Prometheus, a Cloud Native Computing Foundation project, is a systems and service monitoring system. It collects metrics from configured targets at given intervals, evaluates rule expressions, displays the results, and can trigger alerts when specified conditions are observed.
The features that distinguish Prometheus from other metrics and monitoring systems are:
- A multi-dimensional data model (time series defined by metric name and set of key/value dimensions)
- PromQL, a powerful and flexible query language to leverage this dimensionality
- No dependency on distributed storage; single server nodes are autonomous
- An HTTP pull model for time series collection
- Pushing time series is supported via an intermediary gateway for batch jobs
- Targets are discovered via service discovery or static configuration
- Multiple modes of graphing and dashboarding support
- Support for hierarchical and horizontal federation
Architecture overview
Install
There are various ways of installing Prometheus.
Precompiled binaries
Precompiled binaries for released versions are available in the download section on prometheus.io.
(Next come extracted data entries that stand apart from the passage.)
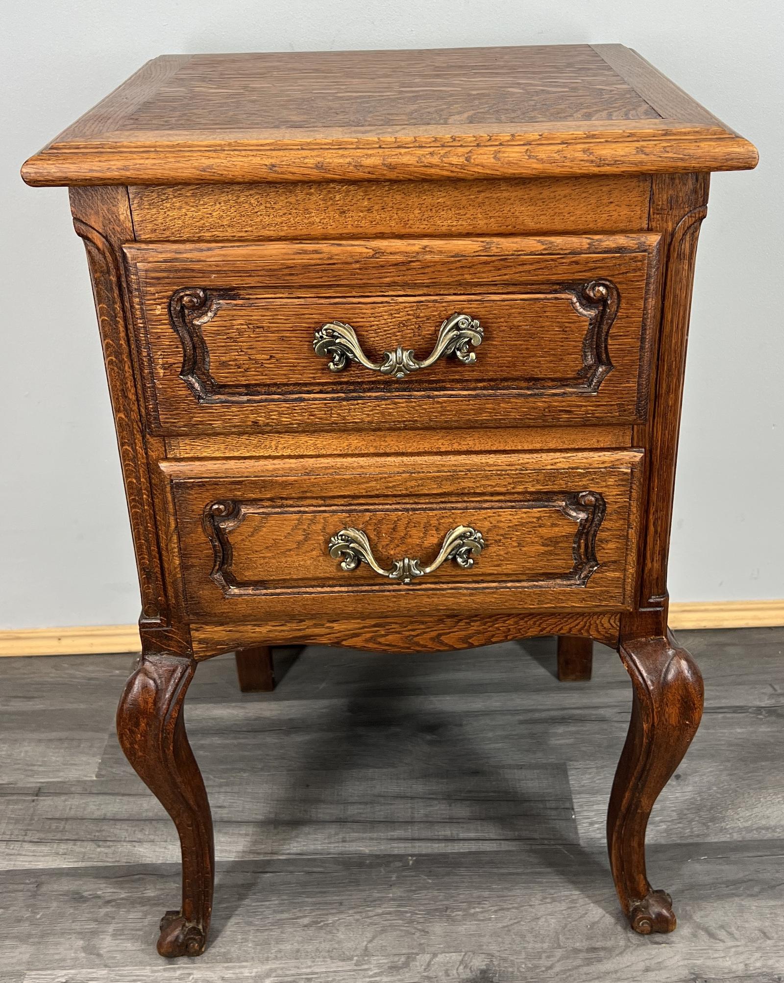 Bedside Table Vintage French Oak Carved Nightstand Cabinet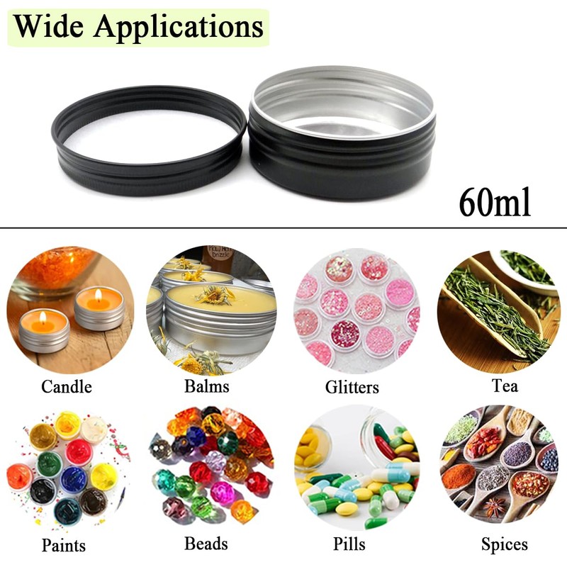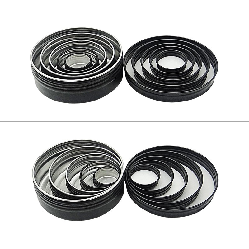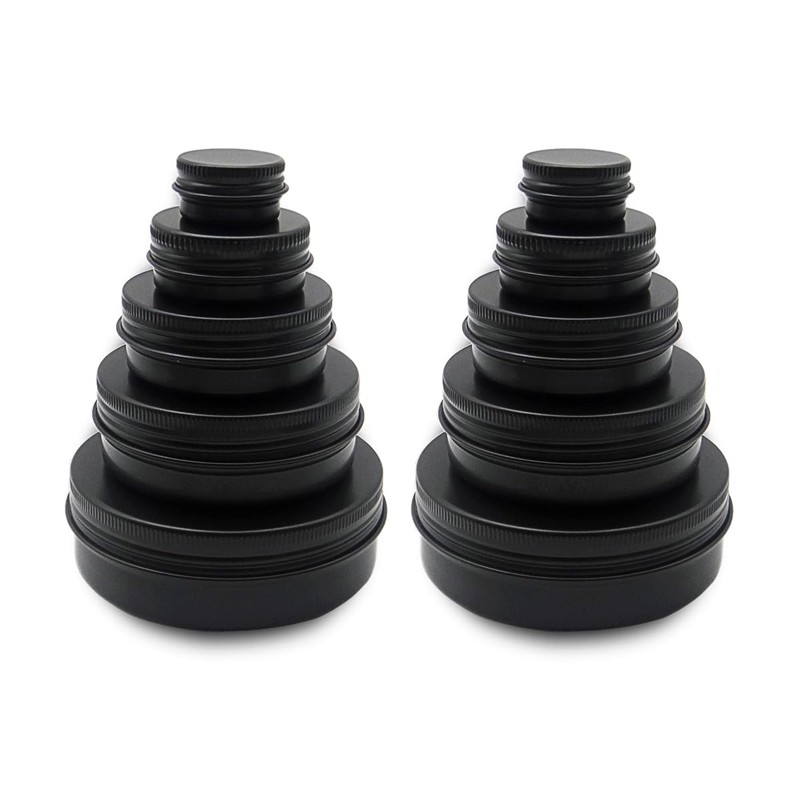 - Quality and size: includes 10 round black aluminum cans, 5ml, 15ml, 30ml, 60ml, 100ml, each size 2 packs, enough to store various small items for quick and convenient access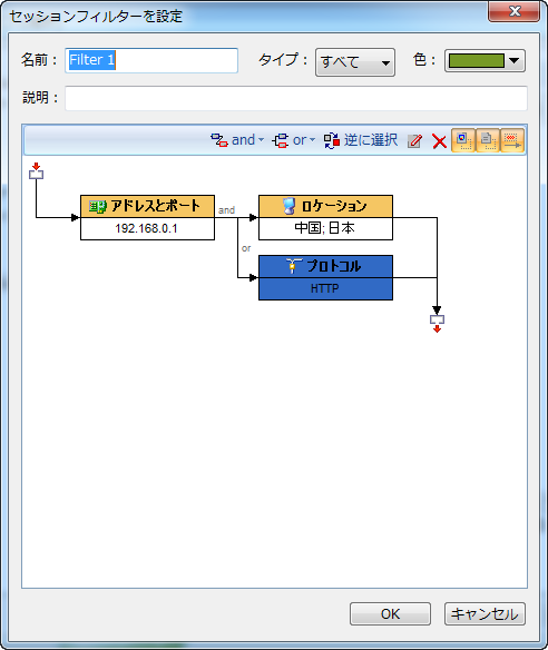 Capsa9.1はセッションフィルターを提供し、Capsaによりキャプチャーされたセッションのフィルタリングに役立ちます。セッションフィルターはMACセッション、IPセッション、TCPセッション、およびUDPセッションに適用します。Capsa9.1では、ユーザーはアドレスとポート、ロケーション、セッションプロトコル、セッションパケット、セッションコンテンツ、およびセッションオプションに基づき、セッションフィルタールールを設定することができます。すべてのルールはAND/OR関係で結ばれることができます。セッションフィルターが有効されると、設定されてセッションフィルタールールと一致しているセッションだけがセッションビューに表示されます。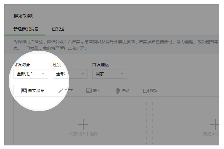 一、群發(fā)消息:提升圖文消息曝光量+已群發(fā)消息新增發(fā)送對象詳情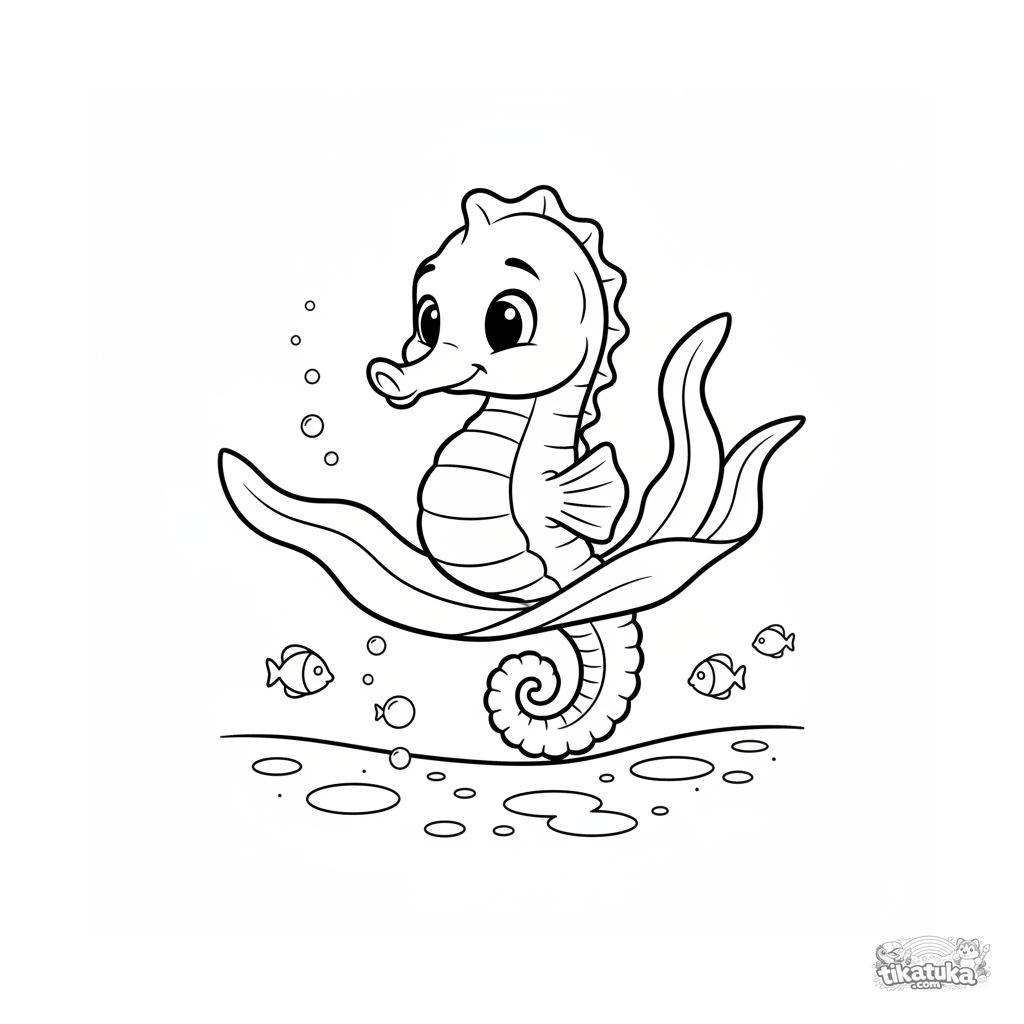 Coloring page for ages 7-9: a seahorse rides on seaweed in sunny shallow water. Illustration in classic Disney animation style with expressive details.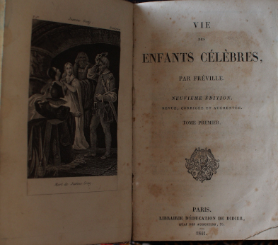 "A.-F.-J. Fréville (1749-1832), grâce à des études assidues, devint un bon latiniste, fut chargé de plusieurs éducations particulières, notamment de celle des deux fils du duc de Luxembourg, en 1785, et employa une partie de son temps à composer des ouvrages pour la jeunesse. Devenu suspect sous la Terreur, il fut traduit devant le tribunal révolutionnaire, et acquitté après une assez longue détention. Lors de la création des écoles centrales, Fréville devint professeur de belles-lettres à l'école de Seine-et-Oise, et renonça à l'enseignement public à l'époque de la réorganisation de l'Université. Comme professeur, il s'attacha à aplanir les difficultés de la langue française, et composa une grammaire simplifiée avec un bon vocabulaire d'homonymes et d'homographes. Comme écrivain, il a laissé un grand nombre d'ouvrages pour la jeunesse." (Larousse du XIXe) — T. I : Les deux jumeaux ; Marcile Euphropsine ; Henri de Nemours ; Edouard VI ; Charles, duc de Glocester ; Candiac de Montcalm ; Ambroise de Boufflers ; Louis, duc de Bourgogne ; etc. T. II : Adélaïde de Montreuil ; Angéla de la Morinière ; Vie de Jeanne d'Arc ; Le jeune Dauphin, fils de Louis XVI ; Le Roi de Rome ; Gaspard Hauser ; etc. Désormais les frais d'envoi sont de 6 € seulement pour les livres jusqu'à 1 kg (colissimo suivi), pour la France métropolitaine.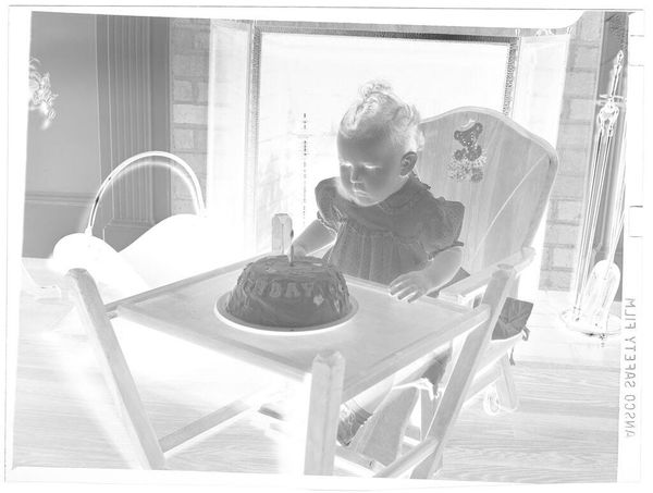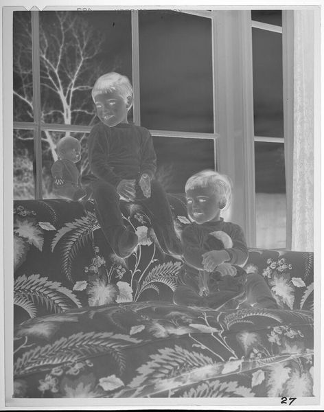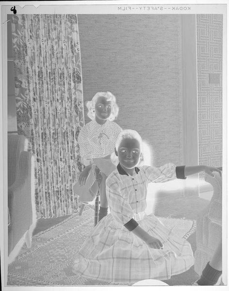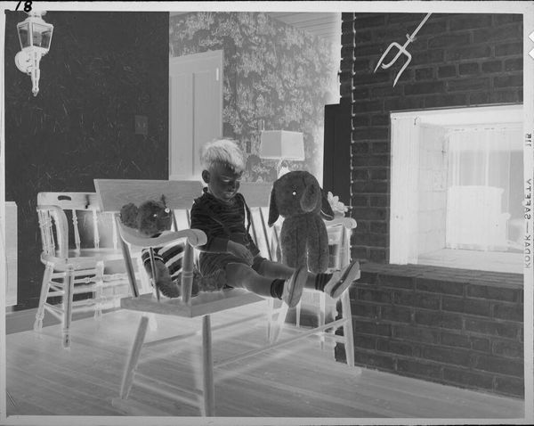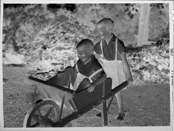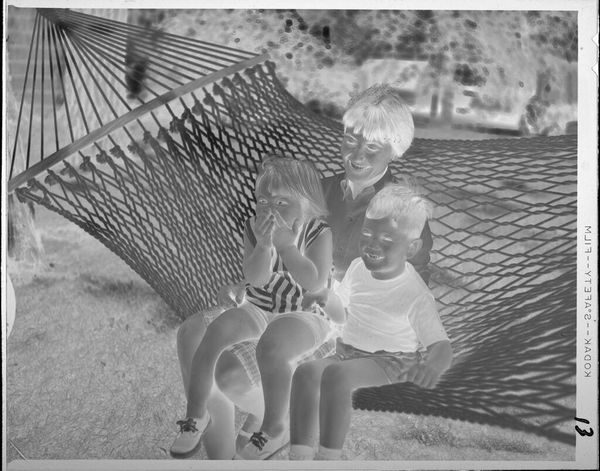 Curator: This is an untitled gelatin silver print by John Howell depicting two children on a bench. The dimensions are roughly 4 by 5 inches. Editor: The inverted tones lend an eerie stillness to the scene, almost like a memory fading. It feels simultaneously intimate and unsettling. Curator: The composition is fairly simple: two figures centered on a rustic bench, the wooden slats creating repetitive vertical lines that draw the eye upwards. Editor: Those stark contrasts amplify the power dynamics inherent in childhood, the constraints of dress and pose hinting at larger societal expectations. Who were these children and what roles were they being prepared to fill? Curator: Perhaps. Or maybe Howell was simply drawn to the interplay of light and shadow, using the children as formal elements in his exploration of texture and form. Editor: Possibly, but denying the social context impoverishes our understanding. Even in its abstraction, it speaks volumes about representation. Curator: A compelling photograph, regardless of interpretation. Editor: Absolutely, a snapshot of lost innocence within a world that is never truly black and white.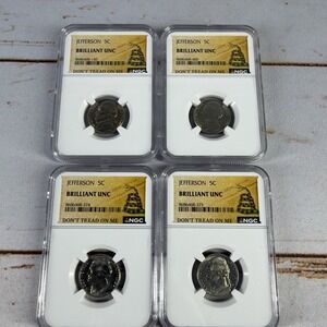 4× 2025 Jefferson Nickel NGC RD Don't Tread On Me Label – Used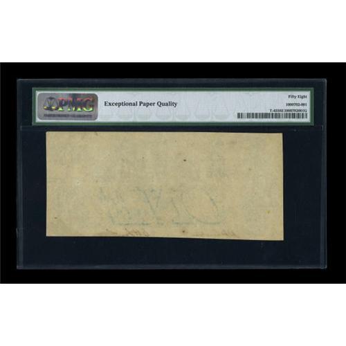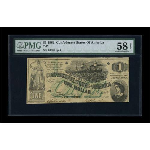 <B>T45 $1 1862. </B></I>Cr 342 PF-2<BR> Here is another pleasing example of this issue, which is elusive in high grade. This Second Series note is a bit miscut along the margin at lower right, but still retaining some eye appeal. A pinhole is also noticed for full disclosure. <B>PMG Choice About Unc 58 EPQ.</B></I><BR><BR><b>Shipping:</b> Coins & Currency (<a target="_blank" href="http://www.heritageauctions.com/common/shipping.php">view shipping information</a>)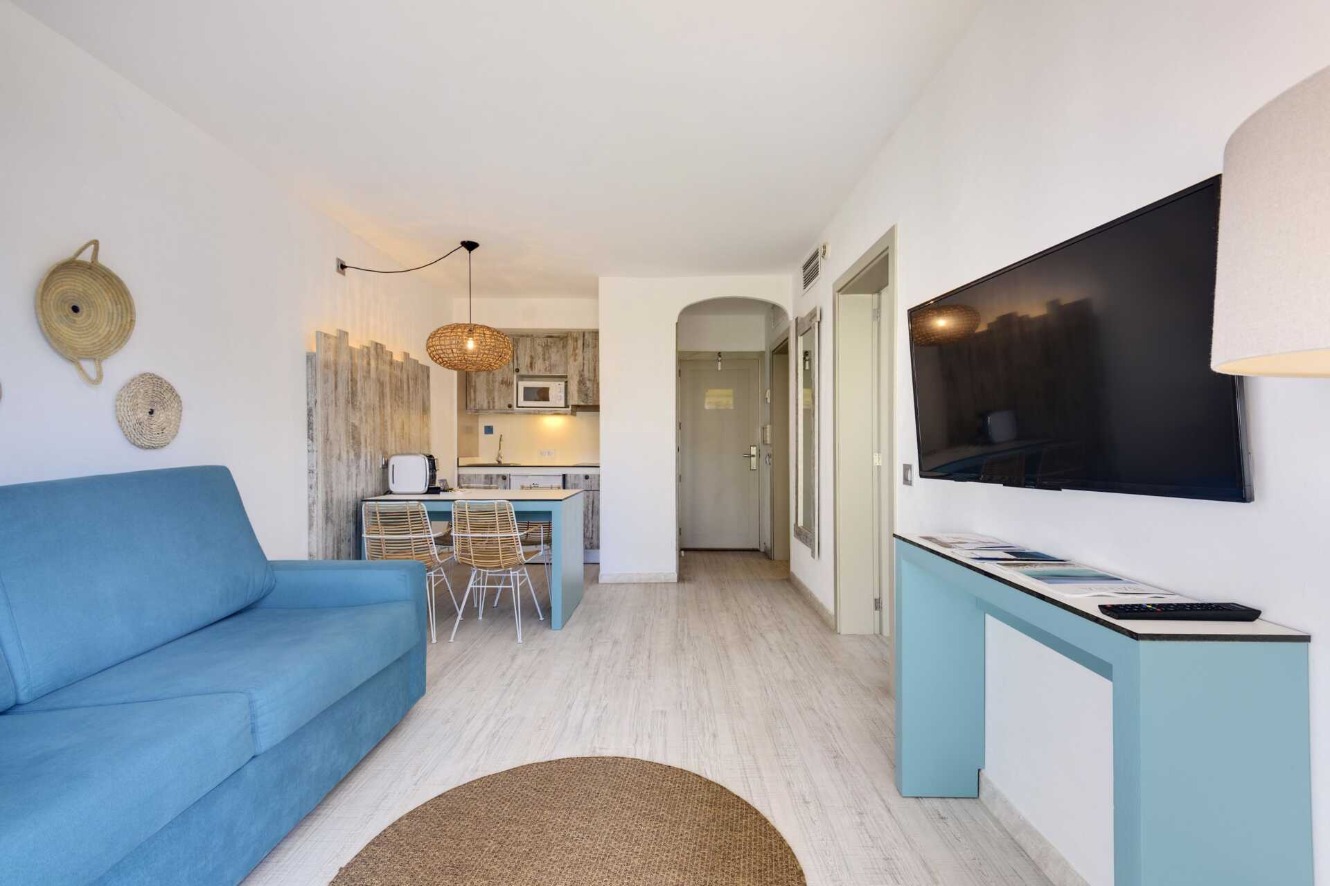 Tvårumslägenhet med balkong eller terrass. Ett separat sovrum med en dubbelsäng. Kombinerat sovrum med vardagsrum och minikök. Möjlighet till extrabäddar i två bäddsoffor. Minikök med kokplattor, mikrovågsugn, kylskåp och enkel köksutrustning. Wifi, luftkonditionering och deponering ingår. Tv med lokala kanaler. Hårtork. Badrum med dusch och wc. Städning 5 ggr/vecka.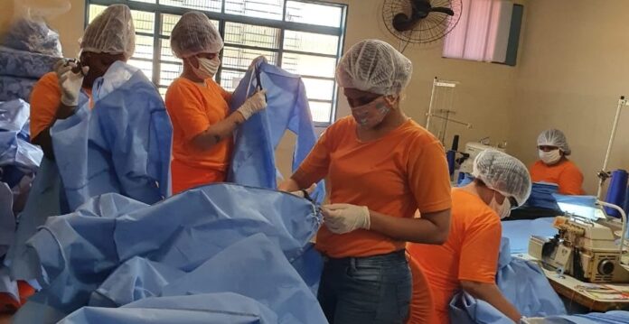Dedicação e trabalho responsável das mulheres em situação de prisão do município de Três Lagoas tem garantido Equipamentos de Proteção Individual (EPIs) ao Hospital Nossa Senhora Auxiliadora (HNSA), referência no tratamento de pacientes com coronavírus na região. Em média, são confeccionados semanalmente 300 capotes, além de 1.200 máscaras em tecidos.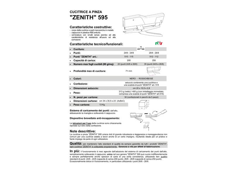 Cucitrice con corpo e parti meccaniche in metallo e cappuccio in plastica ABS antiurto colorato. Verniciatura con smalti senza piombo, altamente resistente all'usura ed alla corrosione. Collaudata singolarmente e garantita a vita per difetti di fabbricazione. Capacità di carica 200-250 punti. Cuce a punto chiuso fino a 20 fogli con punti 24/6 e fino a 35 fogli con punti 24/8. Caricamento punti dall'alto. Dispositivo brevettato anti-inceppamento.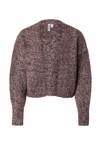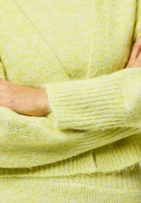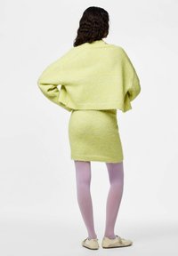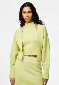 Femme aux cheveux bouclés foncés portant un ensemble en maille jaune pâle composé d'un pull court, d'un cardigan ouvert et d'une jupe taille haute assortie.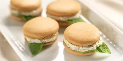 Surprise your friends with this savory macaron, a twist on the traditionally sweet cookie with its mild crust and tangy center of feta, fresh tomatoes and basil. When you assemble them, be sure to spread the filling gently or even use a piping bag to prevent damaging the delicate meringue cookies.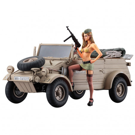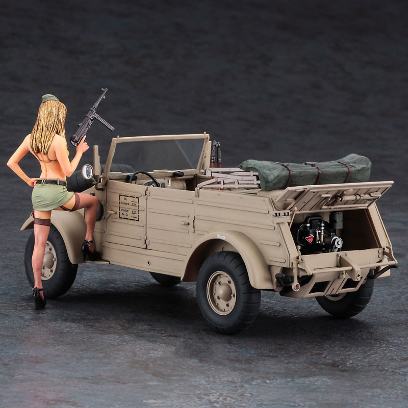 Assemble the military cousin of the famous Volkswagen beetle accompanied by an exclusive resin figurine.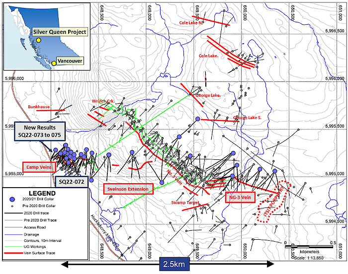 VP Exploration Rob Macdonald commented, “These results mark the completion of the Winter ’22 drill program on the Silver Queen project, which successfully confirmed a 300 metre projection of the NG-3 vein to depths of up to 390 metres below surface; identified the western and currently open-ended projection of the Camp Vein target; and confirmed the continuity of several gold-silver-mineralized structures in the transition eastward from the Camp Vein into the Sveinson target. Compilation of this and earlier data continues toward the preparation of a mineral resource update in the coming months. Numerous veins remain open for testing across the 6 sq. km. target area, which will form the basis of additional drill testing in 2022.”

Using the latest production release binary is the recommended way of installing Prometheus. See the Installing chapter in the documentation for all the details.
Docker images
Docker images are available on Quay.io or Docker Hub.
You can launch a Prometheus container for trying it out with
docker run --name prometheus -d -p 127.0.0.1:9090:9090 prom/prometheus
Prometheus will now be reachable at http://localhost:9090/.
Building from source
To build Prometheus from source code, You need:
- Go: Version specified in go.mod or greater.
- NodeJS: Version specified in .nvmrc or greater.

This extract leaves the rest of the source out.